STAY TUNED and thanks for reading Life UnCorked. I hope you will join me each week for more.
Wow! I'm so happy to have stumbled across this post. Ditto what Cav_guy said. A lot to chew on. I'm 62 and while I've had a somewhat interesting life married to a contractor, built many homes together, raised and homeschooled 7 children and now all the kids are out of the nest, God had different plans in store for me. Writing for sure. He has a project for me and I've been struggling with bring obedient and finishing it but he is also transforming my life in many ways.
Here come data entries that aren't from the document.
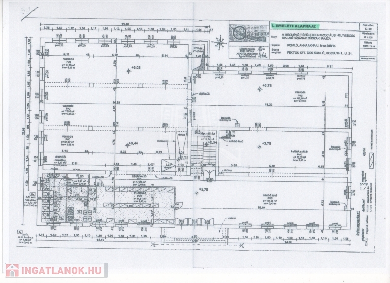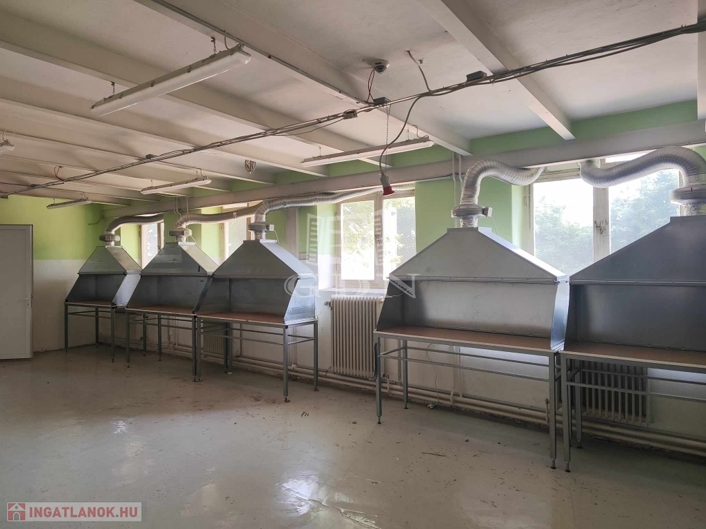 Pécstől 15 km-re Komlón eladó egy 2 szintes, 1213 m2 összterűletű (földszint 584 m2, emelet 629 m2) ipari épület. A tárgyi ingatlan tulajdoni lap szerinti besorolása alapján „Kivett üzemi terület”, a természetben korábban az épületben varroda üzemelt, belső helyiségei jelenleg ennek a funkciónak kialakítottak, kisebb irodák, mindkét szinten szociális blokkok, öltözők, nagyobb összenyitott terek jellemzik.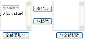 $(document).ready(function(){ $('#addto').click(function(){ var $options = $('#select1 option:selected');//获取当前选中的项 var $remove = $options.remove();//删除下拉列表中选中的项 $remove.appendTo('#select2');//追加给对方 }); $('#remove').click(function(){ var $removeOptions = $('#select2 option:selected'); $removeOptions.appendTo('#select1');//删除和追加可以用appendTo()直接完成 }); $('#addAll').click(function(){ var $options = $('#select1 option'); $options.appendTo('#select2'); }); $('#removeAll').click(function(){ var $options = $('#select2 option'); $options.appendTo('#select1'); }); //双击事件 $('#select1').dblclick(function(){ //var $options = $('#select1 option:selected'); var $options = $('option:selected', this);//注意此处“option”与“:”之间的空格,有空格是不可以的 $options.appendTo('#select2'); }); $('#select2').dblclick(function(){ $('#select2 option:selected').appendTo('#select1'); }); }); <div align="center"><table><tr><td><select multiple="multiple" id="select1"style="width: 100px; height: 100px;"><s:iterator value="fMap" id="f"><option value="${f.key}">${f.value}</option></s:iterator></select></td><td><button type="button" id="addto">添加>></button><br/><br/><button type="button" id="remove"><<移除</button></td><td><select multiple="multiple" id="select2" name="fids"style="width: 100px; height: 100px;"></select></td></tr></table></div><div align="center"><button type="button" id="addAll">全部添加>></button> <button type="button" id="removeAll"><<全部移除</button></div>
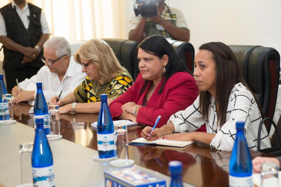 La Vicepresidenta López Acea y la delegación oficial fueron recibidos por el Vicepresidente, Hon. Prea, la Secretaria, la Sra. Jutta Alexis y la Secretaria Adjunta, la Sra. Tania Isaac al llegar al recinto de la Asamblea Nacional. Seguidamente realizaron un breve recorrido por la Cámara donde se llevan a cabo los debates parlamentarios, así como al Museo Parlamentario.
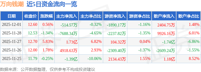 证券之星消息,截至2025年12月1日收盘,万向钱潮(000559)报收于12.6元,上涨0.56%,换手率3.88%,成交量128.69万手,成交额16.29亿元。

First my youngest daughter went to the street and became a fentanyl addict 2 years ago. I began seriously working at my writing a year ago while spending time with her on the street every week. God began to use me there and gave me this crazy love for the people in her community. It's turned into advocacy and ministry. Then my husband was diagnosed with stage 4 cancer 2 months ago. Everything about my life right now is about change, but still in a state of limbo. I'm praying and waiting on the Lord and building my Substack as I finish my book. There's so much to think about in your article. I'm going to listen to the interview first as I love to hear people's faith journeys. Looking forward to reading the rest of the series as well and learning how to build the life I believe God wants for me.
Excellent article, Cork. A lot to chew on. Comfortable misery describes modern American life. How to escape or change. TEAM is a way. For transformation, defining what our life looks like is foundational. Being a man of faith, starts with studying the Bible and prayer. How does faith determine my life and choices? Interesting read.